Ferias: produtos consumidos pelos jovens quando estão em casa ficam mais caros

O estudo também revelou que tanto os alimentos quanto os serviços que são consumidos com maior intensidade no período de férias escolares
Shar
CidadeMarketing com informações da InfoMoney

Em época de férias, os filhos passam mais tempo em casa, o que reflete bastante no orçamento familiar. Segundo estudo da FGV (Fundação Getúlio Vargas) o consumo adicional dos jovens quando estão de férias --e em casa-- compromete, em média, 12% do orçamento. 

Além disso, o estudo também revelou que tanto os alimentos quanto os serviços que são consumidos com maior intensidade no período de férias escolares tiveram altas de preço acima da inflação medida pelo IPC/FGV.

A alta nos alimentos, em geral, foi de 6,60%. Já os serviços ficaram 5,61% mais caros.

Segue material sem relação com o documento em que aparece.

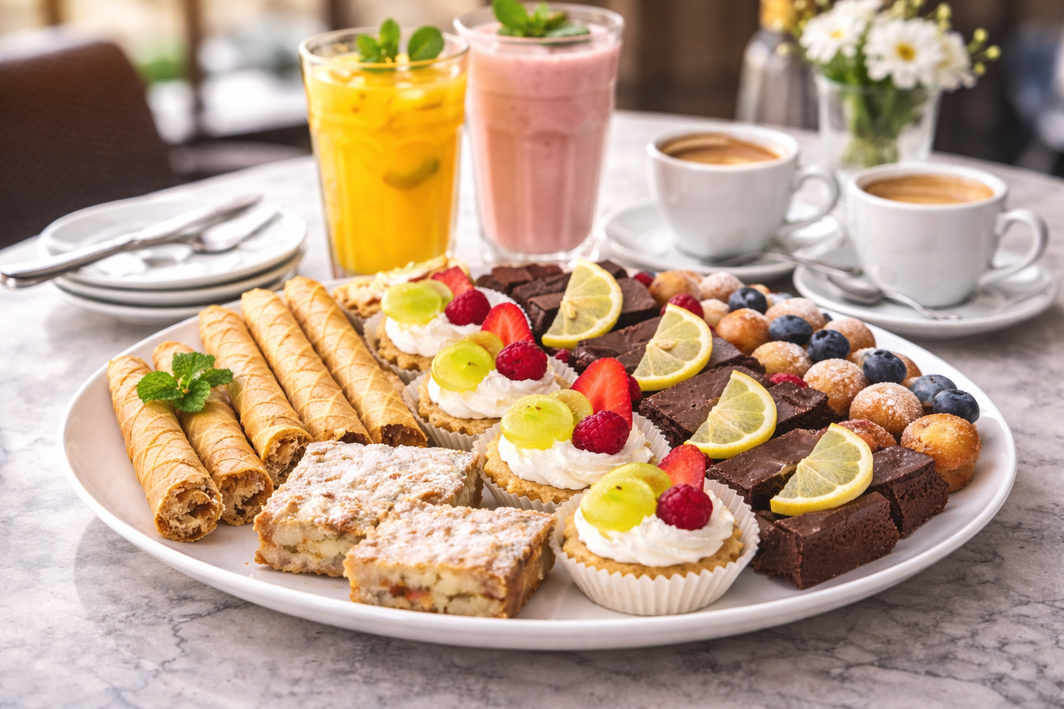 Uzupełnij catering o napoje i słodki stół, który robi wrażenie.

A inflação nos últimos 12 meses, até junho de 2012, que foi de 5,37%.   Em relação aos alimentos, o grande destaque ficou com os refrigerantes e a água mineral, com alta de 9,36%. A batata frita e o sorvete picolé vieram na sequência, com alta de 8,13% e 8,10% respectivamente. 

Já nos serviços, a principal alta ficou com os hotéis, com crescimento de 11,72%, seguido pelos clubes de recreação (8,34%) e cinema (8,18%).

Veja o quanto os produtos ficaram mais caros:


Inflação acumulada
de jul/11 a jun/12
Alimentos  Variação
Biscoitos 3,54%
Bombons e chocolates 3,23%
Iogurte natural 5,62%
Sorvete 8,10%
Salsicha 6,76%
Refrigerantes e água mineral 9,36%
Sucos de frutas 5,54%
Polpa de fruta congelada 4,99%
Refresco de fruta em pó -1,05%
Milho de Pipoca 5,58%
Batata frita 8,13%
Fonte: levantamento feito pelo economista André Braz (IBRE/FGV)


Veja o quanto os serviços ficaram mais caros:
Inflação acumulada
de jul/11 a jun/12
Serviços Variação
Refeição em bares e restaurante 5,78%
Doces e salgados 3,15%
Sanduíches 7,53%
Sorvetes fora de casa 6,49%
Cinema 8,18%
Show Musical  2,08%
Teatro 6,93%
Clubes de recreação 8,34%
Hotel 11,72%
Passagem aérea -1,70%
Excursão e tour 1,65%
Tarifa de ônibus interurbano 2,71% 
Fonte: levantamento feito pelo economista André Braz (IBRE/FGV)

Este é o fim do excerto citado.